2)No country for Old men
The book No country for Old Men has an interesting view on morals. It is open for interpretation from every reader. All of the characters have their own unique  ways of dealing with things. Some would consider one of the main characters, Sheriff Bell, extremely moral, others the complete opposite, but most view him as dead in between. While Sheriff Bell appears as a moral man we find things out about him as the story goes on, things he's done that are not so moral. He does a good man’s work. He abides by the law and he enforces it as well. However, he also ran away from his men in battle, and was the only survivor. He received a medal of honor for being the last survivor, which he accepted, even though he knew it wasn't truly an honor. In the end of the story, he gives up in chasing down a serial killer. He doesn't believe he can catch him without dying so he gives up and retires to the quiet life. Without this consideration of Bell in the book, the story would be lacking intricacy and meaning. It also has a sense of existentialism that it brings to the table, but without this choices have been made mentality of Bell, it wouldn't be as strong.

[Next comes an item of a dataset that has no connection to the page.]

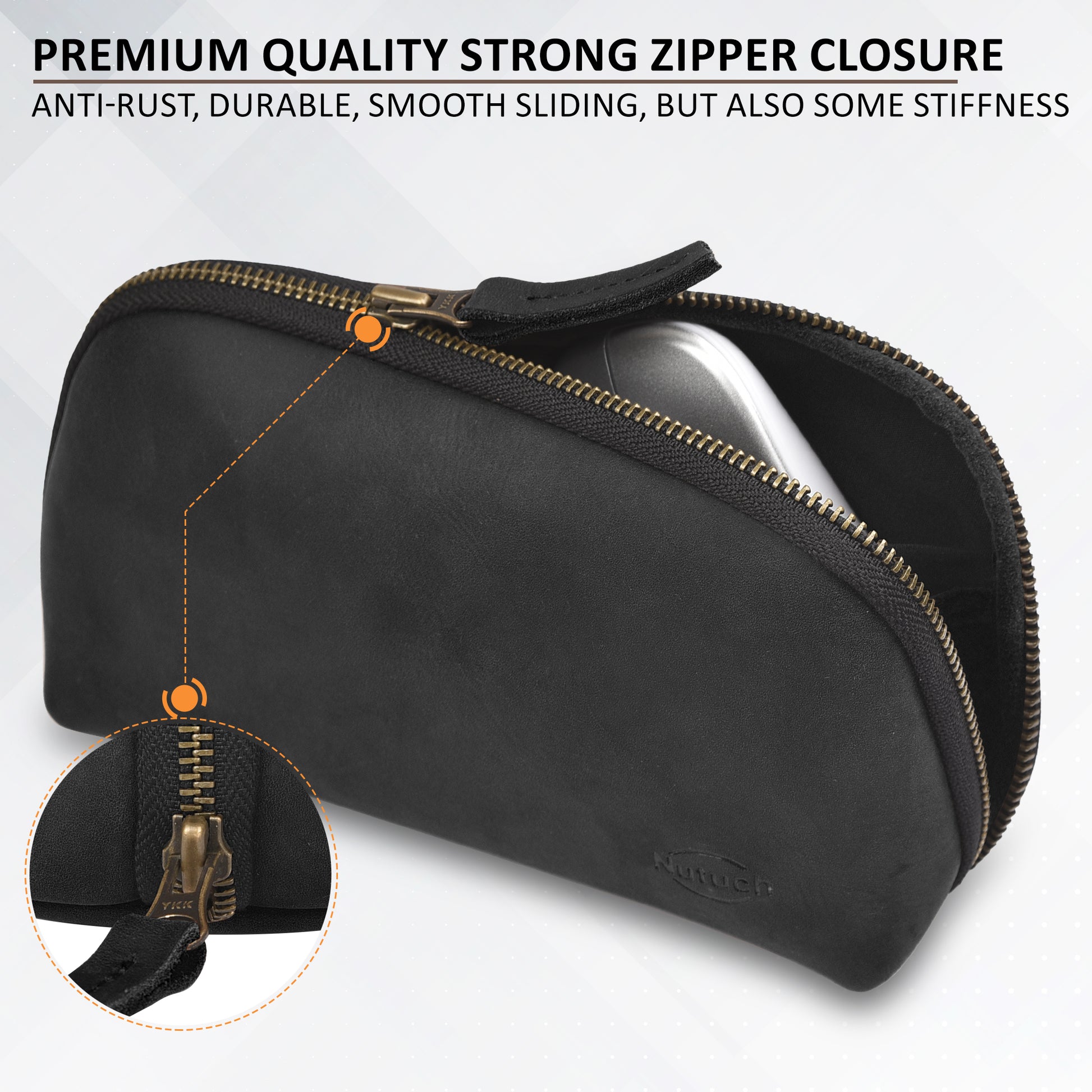 - Nutuch Leather Small Tech Pouch is made by the highest Quality of Full Grain Leather. The durability, softness, the unique texture ensures a long-lasting life with full of Grace.

3) Fences by August Wilson

The play Fences by August Wilson is ridden with racial inequality on both social and economical levels. The play focuses on three people, Troy, the father, Cory, the son, and Rose, the wife. They are all black people living in a majority white society. Although there are no characters who are the privileged white they are so outcast from, racial discrimination is a huge theme within this production. Troy is the most obvious example  from the text. He forbids Cory to play ball, based off of his own experiences as a black athlete. Even though he was a good player, there were no unsegregated leagues for him to play in, and in turn he couldn't make it to the “big leagues”. Even though they have progressed to a time where integration is becoming more common in sports, Troy refuses to let Cory play ball. This plays to the theme of the book overall. How can one’s previous, or their parents experiences of being an outcast affect one’s life and choices.